On a somewhat related note, hardware-wise: I like to wire my routers/switches right into the computer power supply, eliminating the bricks/wall warts and saving a little energy that way. And since they are only really used when the firewall/DHCP server is on, when it is off, so are the routers. It only works if the devices run on 5vdc or 12vdc.

Dr Small
March 27th, 2009, 03:07 PM
[...] webfiltering of bad sites, [...]

You'll need Squid and DansGuardian for that. The firewall doesn't do the filtering. I wrote a tutorial on how to do this (although, not exactly for the same situation) and you should be able to apply the same logic behind it, and get it setup.
http://ubuntuforums.org/showthread.php?t=1078033

Since the dedicated firewall will be what all traffic passes through, you install Squid, DansGuardian, and setup the Transproxy script to forward all OUTBOUND connections through the DansGuardian port. (This may be different though, if you're using a different firewall besides iptables, but it shouldn't be too difficult to figure out).

ktrnka
March 28th, 2009, 12:17 AM
untangle or ebox might fit your needs.



http://www.untangle.com/

http://ebox-platform.com/

lensman3
March 28th, 2009, 01:00 AM
I use Fedora Core 10.

I have setup a forwarding sendmail, a local net dhcp, fetchmail for retrieving emails from my provider, a very long iptables that also has the ability to forward ports to internal machines, a sftp server, a bind/named client that helps filter browser advertising.

At one time I setup two IP ranges /24 classes over just one wire and Ethernet card.

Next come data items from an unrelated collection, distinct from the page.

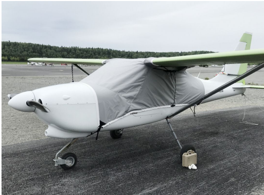
Glasair Aviation Glasair, Sportsman 2+2 Travel Cover, Light Weight Travel Canopy Cover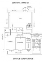
PIANTA PIANO QUINTO SOTTOTETTO (6 f.l.) Hmin = 0,50 m Hmax = 2,70 m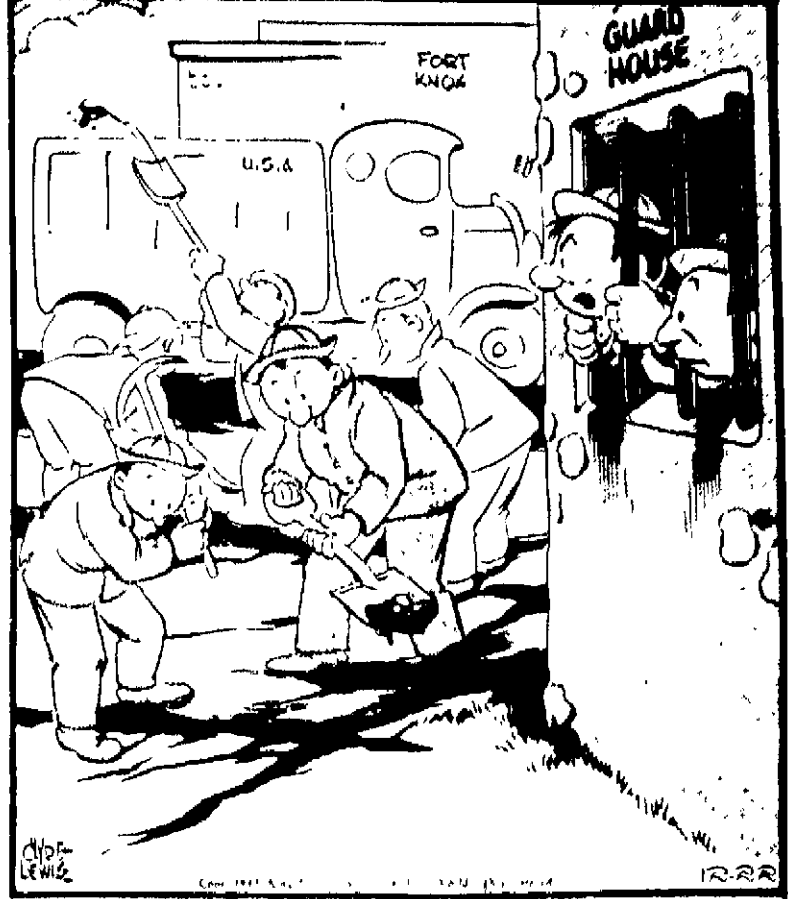
"Look at those goldbrickers! Boy! Do they know how to kill time!"

The only non-standard implementation I have now is the txqueuelen from ipconfig is set to 100 instead of 1000. This has helped internal network response because the input/output Ethernet card queue is serviced by the interrupts more often than default.

My firewall script has close to 1000 lines. Any Linux distribution will work just fine!

RFXCasey
March 28th, 2009, 09:01 PM
Thanks guys I'll give it a shot. Will any Linux based OS work the same for setting up my firewall or are is there a real advantage to using something like Smoothwall? I imagine it is probably a little less complicated working with a distro designed specifically for firewalling.

Dngrsone
March 29th, 2009, 03:37 AM
The advantage of a dedicated firewall OS is that the developers have tried to secure the software as much as possible against attack and exploitation.

Yes, just about any Linux is able to act as a firewall and filter, but having a secure OS is preferable over an accessible one.